Just need to think what I'm going to sell to pay for all of this now..


----------



## DavecUK

Usually people sell a body part...


----------



## ChrisKon

DavecUK said:


> Usually people sell a body part...


 Might have to post on the "Sale and wanted" section of this forum...


----------



## 7877

Resurrecting a thread, hope that is ok! 🙂

new bianca user here just going through setup. Presumably those of you using the Osmio Zero (or other RO for that matter) don't use the lelit water filter as well?


----------



## DavecUK

Sibling Chris said:


> Resurrecting a thread, hope that is ok! 🙂
> 
> new bianca user here just going through setup. Presumably those of you using the Osmio Zero (or other RO for that matter) don't use the lelit water filter as well?

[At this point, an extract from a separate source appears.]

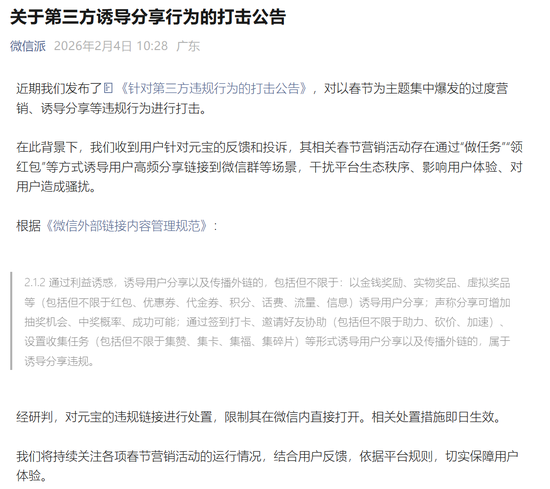 对此,2月4日当天,微信安全中心解释称,1月29日,微信发布了《针对第三方违规行为的打击公告》,对以春节为主题集中爆发的过度营销、诱导分享等 违规行为进行打击。在此背景下,微信收到用户针对元宝的反馈和投诉,其相关春节营销活动存在通过"做任务""领红包"等方式诱导用户高频分享链接到微 信群等场景,干扰平台生态秩序、影响用户体验、对用户造成骚扰。 临近春节,各大公司AI助手的运营团队发起了"红包大战",其中腾讯元宝以链接跳转形式在各大微信群内传播。不过,2月4日,观察者网发现,微信群内的 元宝链接遭到了微信方面屏蔽,引发不少网友疑惑"自家产品为何会拦截自家?" 另一方面,腾讯元宝在其官方微博上也进行了回应,称正在紧急优化调整分享机制,我们将尽快上线,确保用户抢红包体验。 本文系观察者网独家稿件,未经授权,不得转载。 微信安全中心发布的"元宝违规案例" 微信表示,经研判,对元宝的违规链接进行处置,限制其在微信内直接打开。相关处置措施即日生效。未来将持续关注各类春节营销活动的运行情况,结合 用户反馈,依据平台规则,切实保障用户体验。 ...
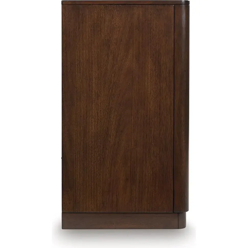 Casual contemporary styling with a decidedly modern vibe. This dining server dresses your dining spot in on-trend elegance with its rich lukewarm brown finish. Full-length metal pulls in a matte jet-black tone add a subtly cool touch to spacious storage cabinets. And thanks to its versatile functionality, this four-door piece effortlessly performs as a sideboard, entryway table or TV stand. Now there’s a simply stunning show of great taste—wherever you place it.

 With an Osmio, you don't need the Lelit in tank filter.


----------



## 7877

Thanks, that is what I had assumed, just double checking! 🙄


----------



## Scottland

I may as well jump on this thread as I had been meaning to find out about this. Our water is pretty soft, about 80ppm (North Wales). We do however though use a water filter for everything via a BWT inline filter on the tap. I was planning on using the filter on the MaraX as well, but would I be better off not at all?


----------



## DavecUK

@Scottland Sounds like you may be better off not using it.


----------



## Scottland

DavecUK said:


> @Scottland Sounds like you may be better off not using it.


 Yeah probably right.


----------



## Buster

I'm using Tesco Ashbeck and the Lelit filter on my Bianca. How often should the filter be changed?


----------



## Alpesh

Don't think you need the filter if using bottled Tesco Ashbeck as I use Volvic and don't use the filter. I'm sure someone with more experience will confirm.


----------